- About this exercise:
An exact copy of every entry is needed, with the images left out.

- Input for this task:
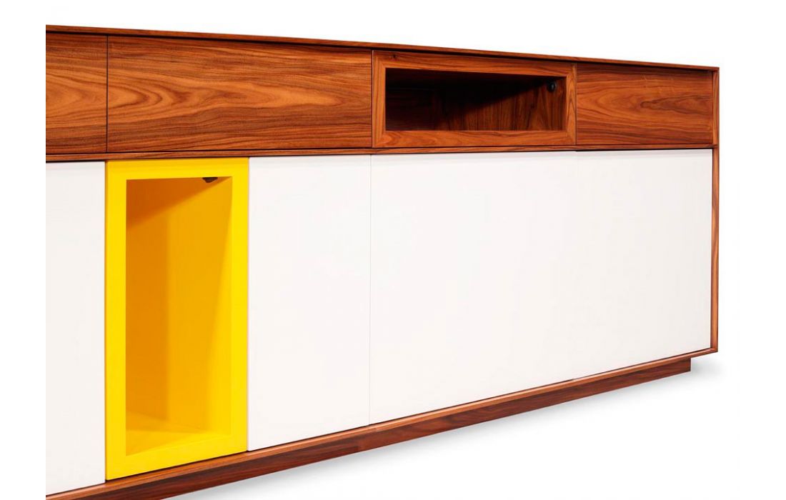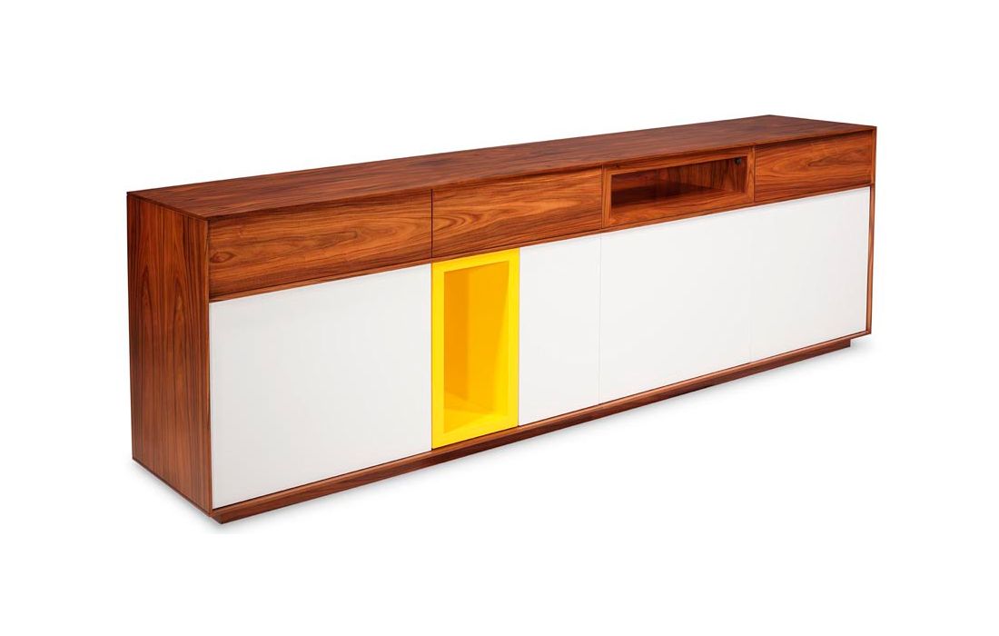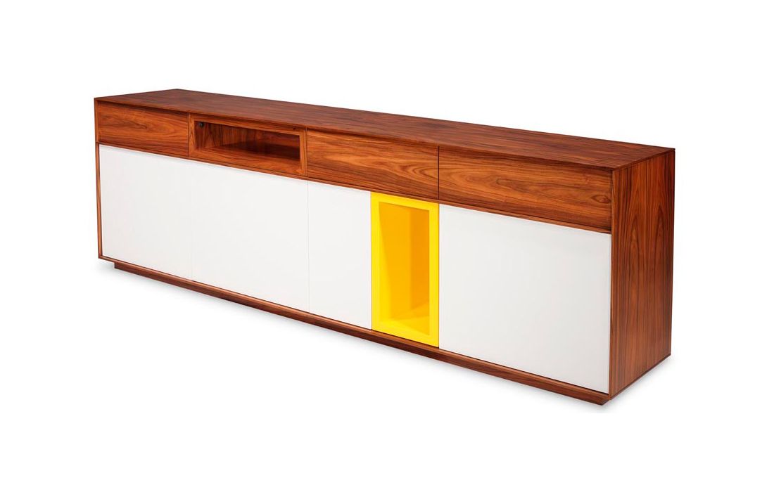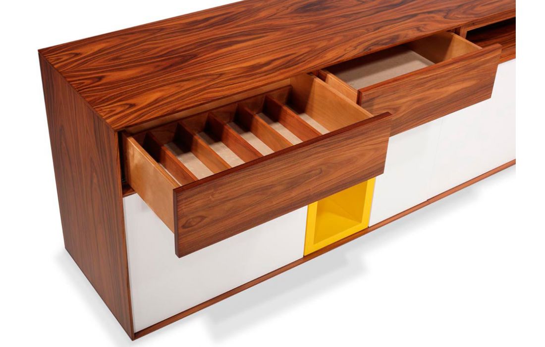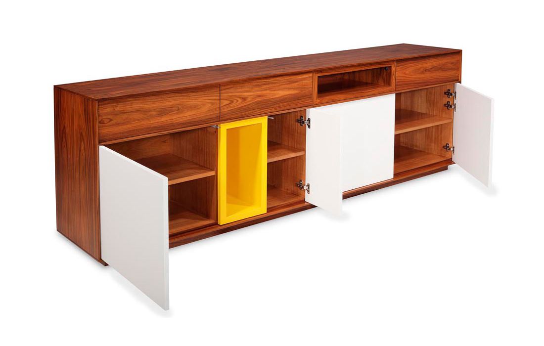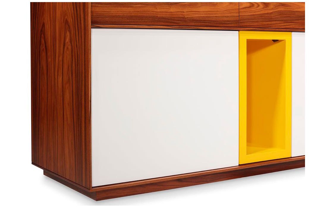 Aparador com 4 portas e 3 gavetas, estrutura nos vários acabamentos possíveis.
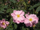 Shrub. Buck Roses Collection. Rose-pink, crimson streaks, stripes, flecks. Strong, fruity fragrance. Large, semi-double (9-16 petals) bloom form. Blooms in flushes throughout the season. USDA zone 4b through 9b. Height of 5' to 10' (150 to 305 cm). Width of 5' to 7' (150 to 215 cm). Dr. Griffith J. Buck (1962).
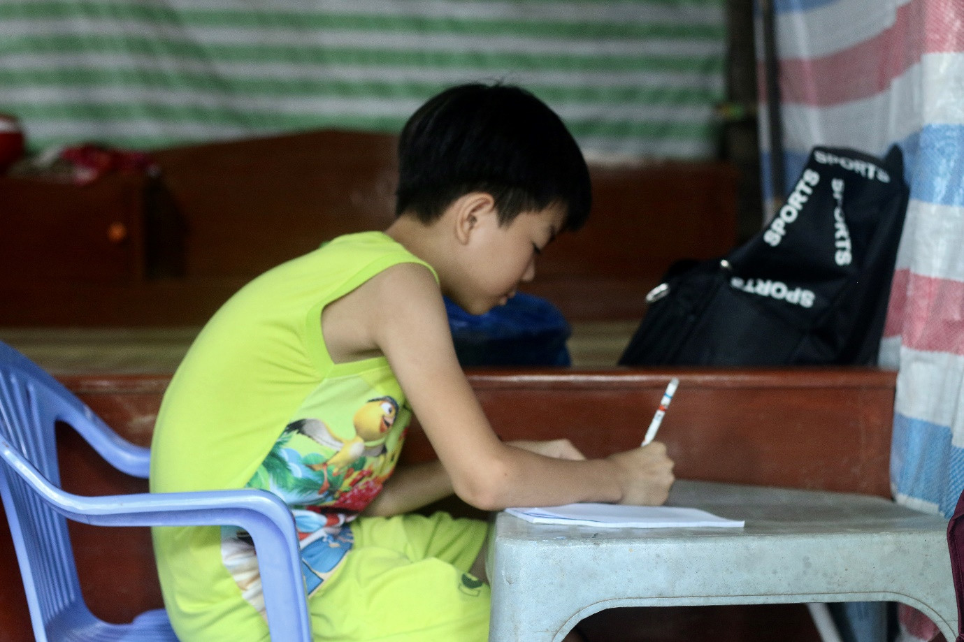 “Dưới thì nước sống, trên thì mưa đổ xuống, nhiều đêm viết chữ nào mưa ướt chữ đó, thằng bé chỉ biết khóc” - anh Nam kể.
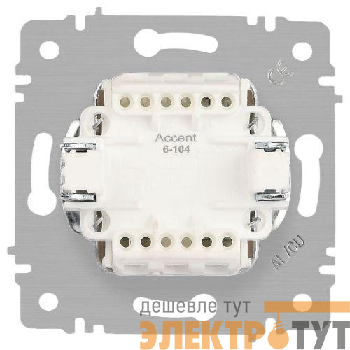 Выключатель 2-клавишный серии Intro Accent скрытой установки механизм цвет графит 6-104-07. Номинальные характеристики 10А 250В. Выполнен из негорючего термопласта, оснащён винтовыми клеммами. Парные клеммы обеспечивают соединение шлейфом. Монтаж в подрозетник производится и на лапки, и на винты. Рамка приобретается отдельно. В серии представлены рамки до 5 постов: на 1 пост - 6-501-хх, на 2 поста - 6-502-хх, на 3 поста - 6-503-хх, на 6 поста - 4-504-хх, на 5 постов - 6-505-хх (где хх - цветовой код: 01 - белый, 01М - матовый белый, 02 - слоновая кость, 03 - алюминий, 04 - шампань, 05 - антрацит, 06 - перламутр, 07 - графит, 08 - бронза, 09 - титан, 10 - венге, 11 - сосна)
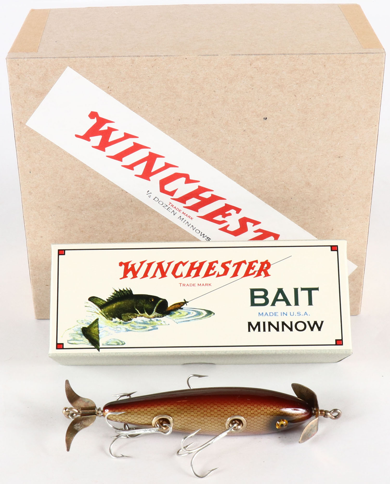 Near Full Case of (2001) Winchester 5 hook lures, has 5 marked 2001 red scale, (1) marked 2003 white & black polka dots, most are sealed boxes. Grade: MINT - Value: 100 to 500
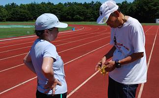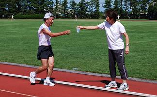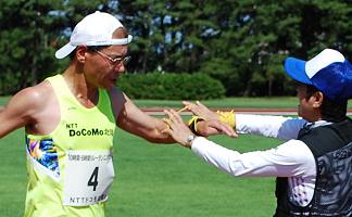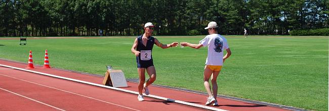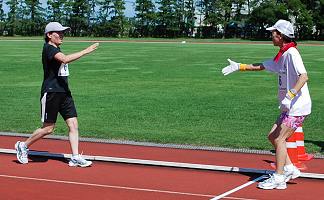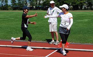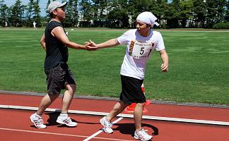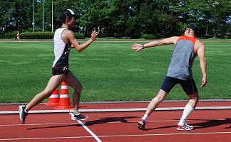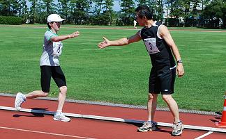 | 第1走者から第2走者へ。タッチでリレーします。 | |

- Solution:
 Aparador com 4 portas e 3 gavetas, estrutura nos vários acabamentos possíveis.
 Shrub. Buck Roses Collection. Rose-pink, crimson streaks, stripes, flecks. Strong, fruity fragrance. Large, semi-double (9-16 petals) bloom form. Blooms in flushes throughout the season. USDA zone 4b through 9b. Height of 5' to 10' (150 to 305 cm). Width of 5' to 7' (150 to 215 cm). Dr. Griffith J. Buck (1962).
 “Dưới thì nước sống, trên thì mưa đổ xuống, nhiều đêm viết chữ nào mưa ướt chữ đó, thằng bé chỉ biết khóc” - anh Nam kể.
 Выключатель 2-клавишный серии Intro Accent скрытой установки механизм цвет графит 6-104-07. Номинальные характеристики 10А 250В. Выполнен из негорючего термопласта, оснащён винтовыми клеммами. Парные клеммы обеспечивают соединение шлейфом. Монтаж в подрозетник производится и на лапки, и на винты. Рамка приобретается отдельно. В серии представлены рамки до 5 постов: на 1 пост - 6-501-хх, на 2 поста - 6-502-хх, на 3 поста - 6-503-хх, на 6 поста - 4-504-хх, на 5 постов - 6-505-хх (где хх - цветовой код: 01 - белый, 01М - матовый белый, 02 - слоновая кость, 03 - алюминий, 04 - шампань, 05 - антрацит, 06 - перламутр, 07 - графит, 08 - бронза, 09 - титан, 10 - венге, 11 - сосна)
 Near Full Case of (2001) Winchester 5 hook lures, has 5 marked 2001 red scale, (1) marked 2003 white & black polka dots, most are sealed boxes. Grade: MINT - Value: 100 to 500
 | 第1走者から第2走者へ。タッチでリレーします。 | |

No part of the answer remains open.